- Task requirements
This task calls for the lines below starting at the one containing "For SMB freight" and ending at the one containing "Halloween is a", repeated exactly with both ends kept and pictures left out.

- Material for this exercise
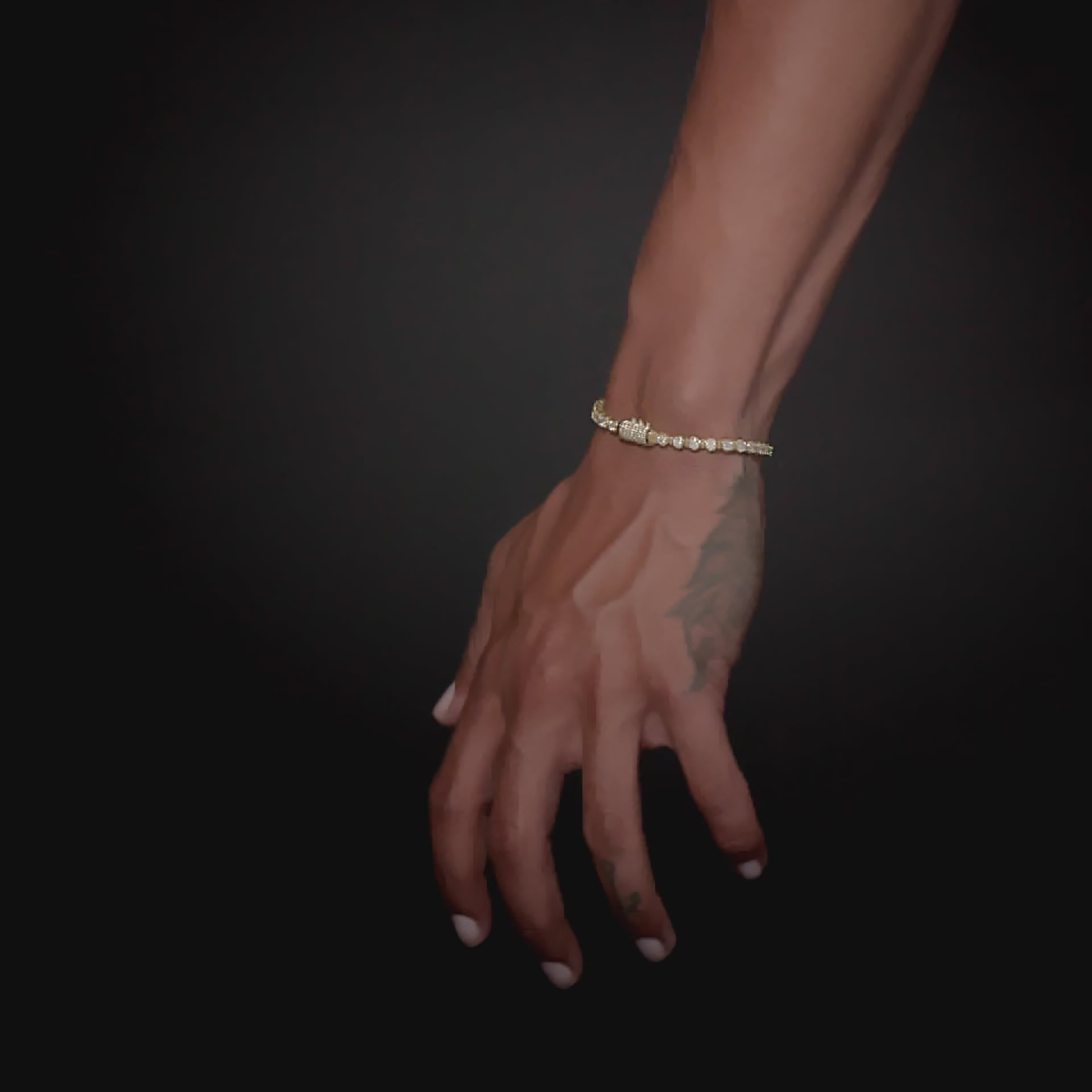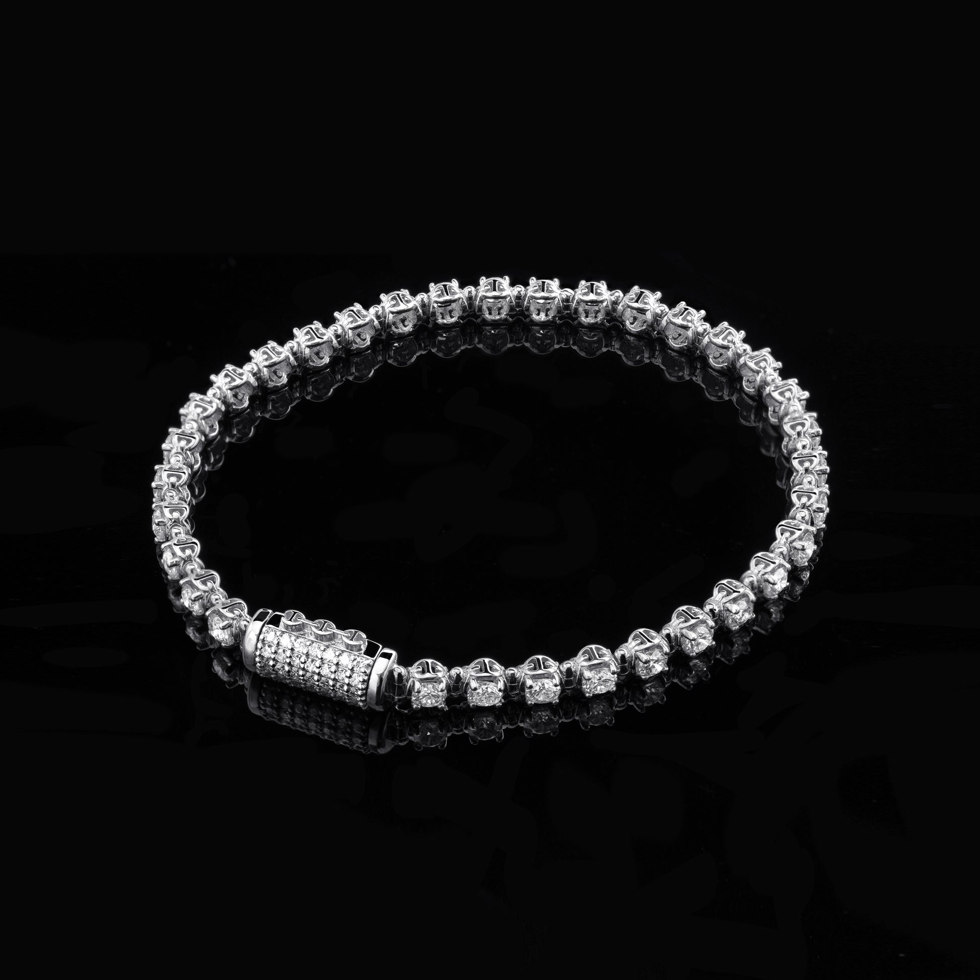 3MM Infinite Bracelet with a Tri-Link motif and prong set diamonds, round brilliant Belgian cut G-VSI.
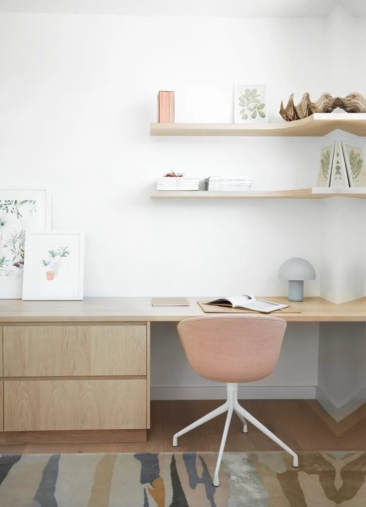 About A Chair desk chair, Hay. Custom American oak joinery. Rug, Jardan. Cosh table lamp, Freedom. Barbican Plant (large) and The House Plant (small) artworks by Alicia Galer.
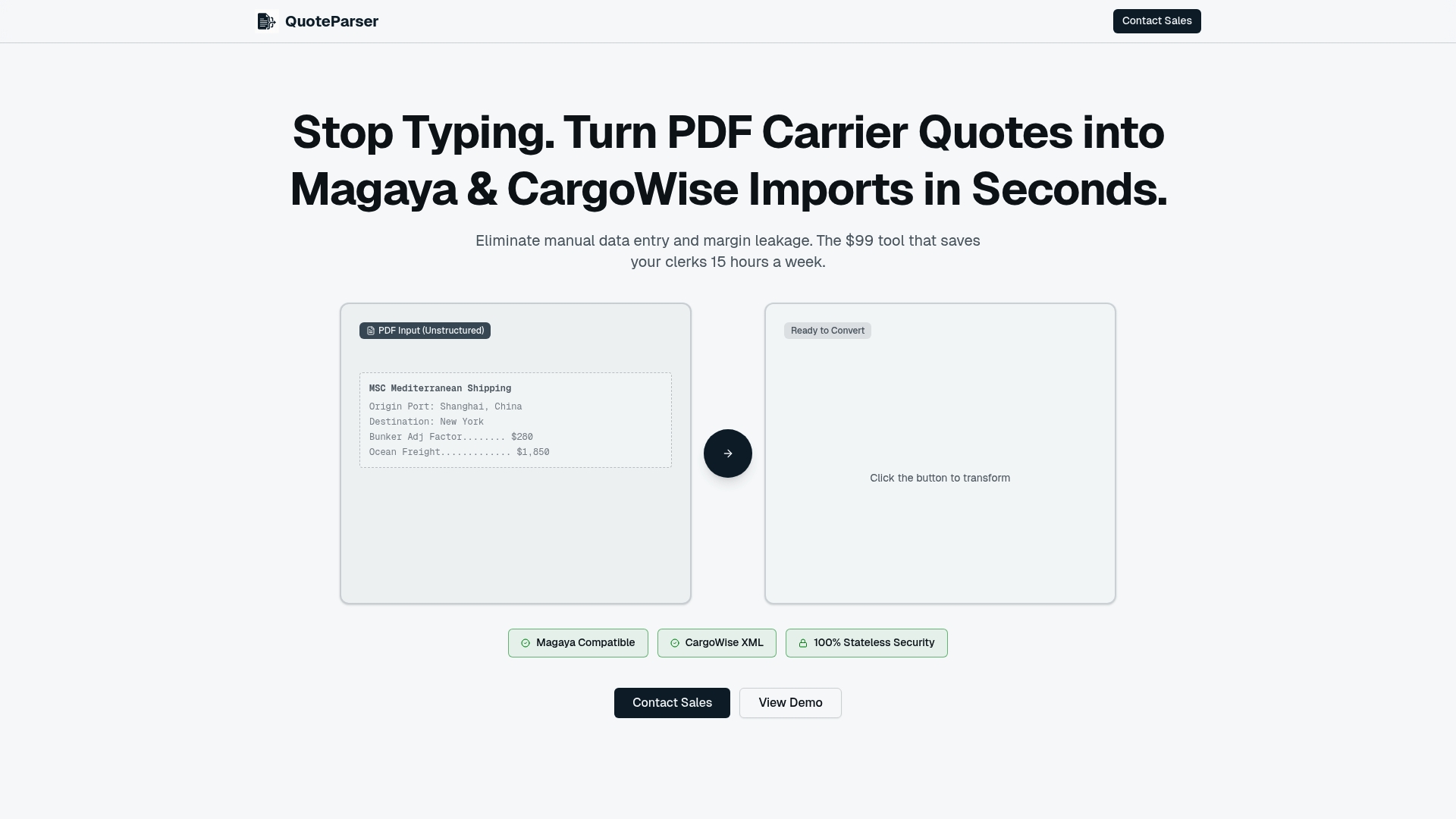 For SMB freight forwarders looking to cut operational costs while improving accuracy, QuoteParser delivers immediate ROI. You maximize your CargoWise One investment by automating the data entry that still consumes significant manual effort.
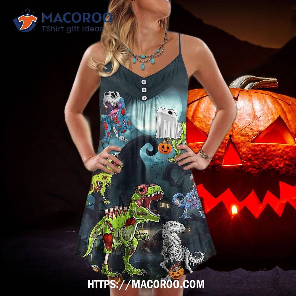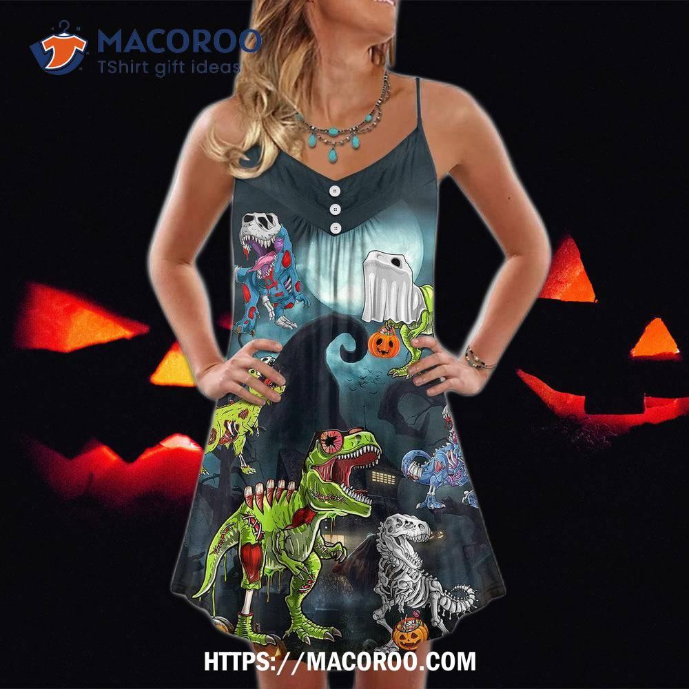 Halloween is a time for all kinds of spooky fun, and this year, the trendiest way to celebrate will be with the Halloween Zombie Saurus Scary Summer Dress! Whether you want to stand out as the life of the party or just have a great costume to wear year-round, this dress has everything you need. It features a unique and eye-catching design with a skeleton print, a skull headdress, and even wings and spikes inspired by classic zombie designs. The dress is also lightweight and comfortable enough to keep you cool on summer days without compromising on the scary factor! When you’re ready to put on a show-stopping costume this Halloween, don’t miss out on the Halloween Zombie Saurus Scary Summer Dress.If you want another color or a different style, you can visit Halloween.
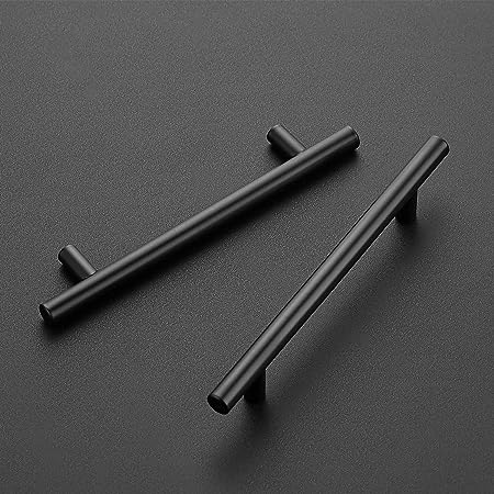 - Most commonly used: 10 bar pulls made of stainless steel finished with classic matte black coordinates well with other appliances and accessories. The black cabinet hardware, suitable for different styles of cabinets, wardrobe, wine cabinet, locker. The simple handles for kitchen cabinet coordination with multiple home décor style.
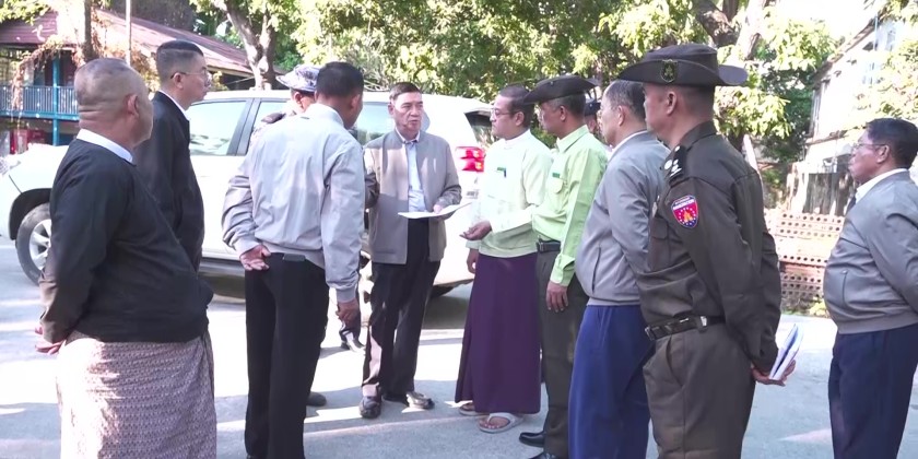 Rakhine State Chief Minister U Htein Lin, together with state government members and departmental officials, inspected development projects in Kyaukphyu Township on December 3. They first visited the household voter list verification process carried out by the Township Election Sub-Commission.
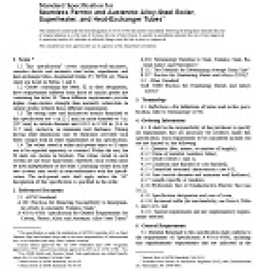 1.1 This specification covers minimum-wall-thickness, seamless ferritic and austenitic steel boiler, superheater, and heat-exchanger tubes, designated Grades T5, TP304, etc. These steels are listed in Table 1 and 2.

- Task output
 For SMB freight forwarders looking to cut operational costs while improving accuracy, QuoteParser delivers immediate ROI. You maximize your CargoWise One investment by automating the data entry that still consumes significant manual effort.
 Halloween is a time for all kinds of spooky fun, and this year, the trendiest way to celebrate will be with the Halloween Zombie Saurus Scary Summer Dress! Whether you want to stand out as the life of the party or just have a great costume to wear year-round, this dress has everything you need. It features a unique and eye-catching design with a skeleton print, a skull headdress, and even wings and spikes inspired by classic zombie designs. The dress is also lightweight and comfortable enough to keep you cool on summer days without compromising on the scary factor! When you’re ready to put on a show-stopping costume this Halloween, don’t miss out on the Halloween Zombie Saurus Scary Summer Dress.If you want another color or a different style, you can visit Halloween.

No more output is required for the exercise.